07 fevereiro 2025

Espelho meu

Se um ovo consegue equilibrar-se num muro, não vão ser as minhas vertigens a evitar a mesma habilidade. Este princípio resume uma abordagem bastante ingénua perante a vida. É o tipo de postura que nos salva por estes dias, vão por mim. Insisto militantemente na esperança e no absurdo.

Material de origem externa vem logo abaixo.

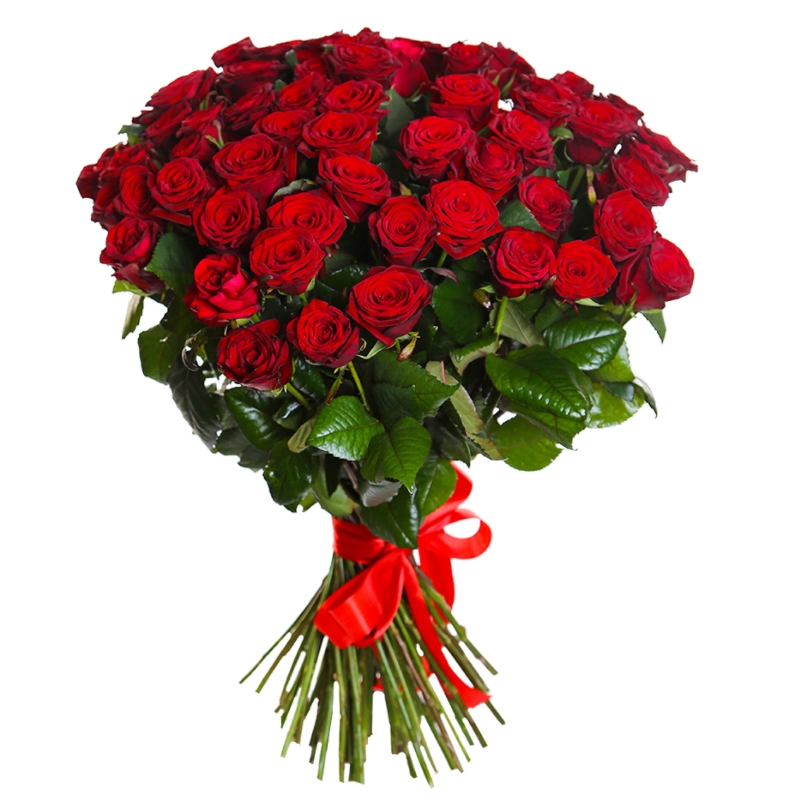 Букет состоит из 55 красных роз, прозрачная упаковка, красная лента.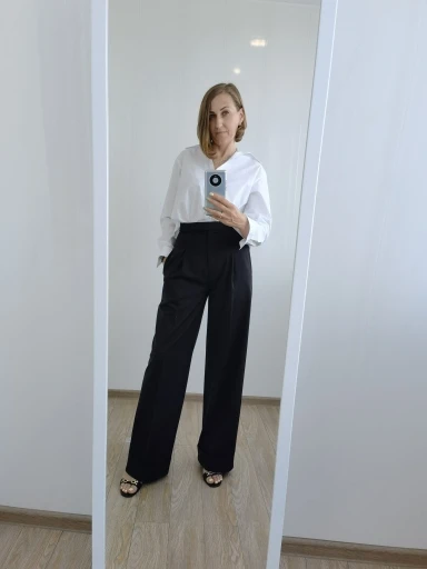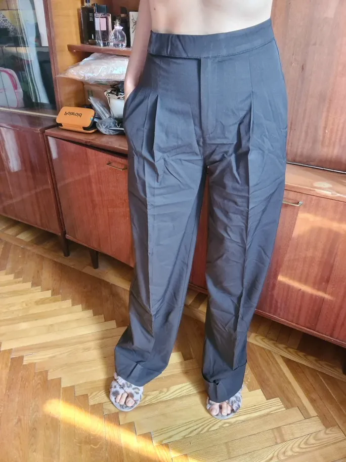 Очень хорошие брюки, особенно за такую цену. Пришли быстро. Всё прошито очень аккуратно, нет ниток и запаха. Очень советую высоких девушкам. Я 180см и для меня всегда проблема найти брюки, которые будут не по коленку)) Они довольно длинные, внизу подвороты. Но просто распороть и удлинить их не получится, потому что этот загиб подворота пришит отдельно. То есть если вы их распорете, то будет виден шов(( Мне и так хватает такой длинны на мой рост, но будет хорошо, если вы будете знать про это при покупке.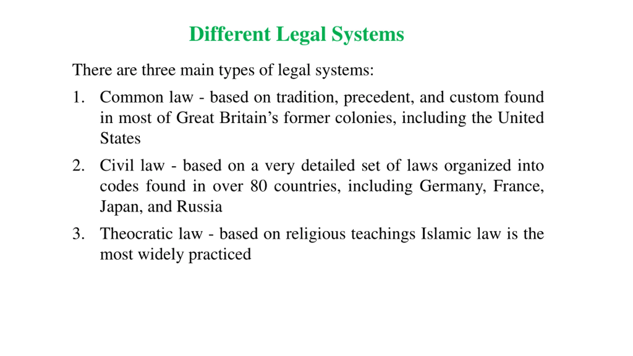 Different Legal Systems There are three main types of legal systems: 1. Common law - based on tradition, precedent, and custom found in most of Great Britain s former colonies, including the United States 2. Civil law - based on a very detailed set of laws organized into codes found in over 80 countries, including Germany, France, Japan, and Russia 3. Theocratic law - based on religious teachings Islamic law is the most widely practiced

Por cima da cómoda MALM de quatro gavetas, código 704.035.74, que está ao lado da minha cama e que serve de stand up desk nos dias de teletrabalho, fica um espelho retangular sem código nem nome, foi uma tia que o ofereceu. De tempos a tempo, o meu olhar foge do ecrã do portátil para lá. Sou uma ótima colega de trabalho de mim própria: elogio a colega (apesar do cabelo sempre despenteado), deixo-a comer as melhores bolachas, sou a primeira a sugerir uma pausa. Evito os mexericos mas o convívio constante com o meu reflexo obriga-me a enfrentar a dura realidade de estar ali. Queria passar para o outro lado do espelho. Deixava as pantufas arrumadinhas, as mensagens de correio eletrónico por responder, e alçava a perna. O meu espelho não devolve uma imagem do que já não é, convida às possibilidades do que ainda não foi. É o único lago onde não consigo mergulhar. E há tanto, tanto mundo que ainda quero ver.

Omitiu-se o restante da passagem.